The highlight of the day, in addition to the end-of-the day Carnegie in Franklin, was finding a Wyoming license plate.  It is much more colorful than the bland black-and- white of Texas and is spanned by a background of the Tetons.  It’s the first of Wyoming I’ve found and easily the prize of this trip’s roadside scavenging.  It could have been a wallet I found a few days before, but all the money was gone, containing just a driver’s license and credit cards, which I dropped off at the next police station.



There was no direct route to Franklin from Belton, so I pieced together a series of county and secondary roads, one of which turned into a dirt road for ten miles or so, as I’ve suffered several times in these travels.  This was the least painful of such excursions.  It had a minimum of gravel and washboard, so it was a rather pleasant interlude with no traffic. I was relieved when it turned to pavement well before a bridge over the Brazos River.  If it had remained dirt, I feared the possibility that the bridge might be out and I’d have to make a huge detour to another bridge.



It was less than an hour before dark when I reached Franklin.  The library was closed and it’s WiFi needed a password, so I had to resort to the Dairy Queen next door for water and the internet. Dairy Queen’s are quite ubiquitous in Texas.  Many offer seating, as much or more than the more prominent fast food restaurants, as this one did.  It provided a fine view of the modest-sized Carnegie built in 1914 when frills were discouraged.  It was still a notable brick building with high arched windows and a pressed metal roof that resembled tiles.  It was on a slight rise on a narrow strip of land along a main highway coming into town giving it all the more stature and all the dignity as those with columns and other decorative features.

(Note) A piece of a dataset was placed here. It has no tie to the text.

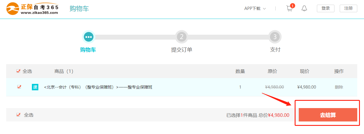 3进入购物车,确认购买课程,点击“去结算”;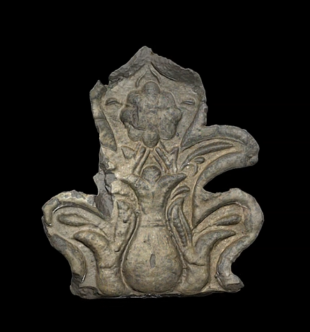 Изразец-городок красноглиняный в форме цветка лотоса с изображением вазы с букетом. Лицевая сторона покрыта белым ангобом.

The Carnegie in Bryan, thirty-one miles south, built in 1903, was another of those early stunners.   It is the oldest still standing Carnegie in the state and is a rare one with a street-level entrance rather than the traditional promenade up a set of steps. A plaque out front credits the efforts of the Mutual Improvement Club, renamed the Women’s Club in 1909,  for having the inspiration of acquiring the library, one of just thirty-one cities in the state with Houston and Dallas having two each.  It would have suffered the fate of twenty other Carnegies in the state if the power-brokers and money-interests had had their way.  


When the new library was built a block away in the ‘70s the building had a succession of tenants, none of whom put anything into its maintenance.  As the building deteriorated, it had a period of several years when it was vacant.  Those who wished to tear it down were happy to see that becoming imminent, salivating at the opportunity to build something new and nondescript on its choice downtown lot across from the local movie theater.   


But a handful of devotees of the library, who had a not-so-common for Texas preservationist rather than development mindset, managed to get it turned into the research and genealogical branch of the library.  It’s interior is as soul-elevating as its exterior and includes two portraits of Carnegie, one the standard and a second painted by a local.  When Janina and I passed through Bryan in 2014 it was a Sunday, so we didn’t have the opportunity of gaining entry. I was happy it was on my way to the next  Carnegie in Alexandria, Louisiana, nearly three hundred miles away, allowing me to get to know it a little better.


It was Election Day in Texas.  The polling places were all obvious from a couple of blocks away by the forest of signs out front, some with human easels.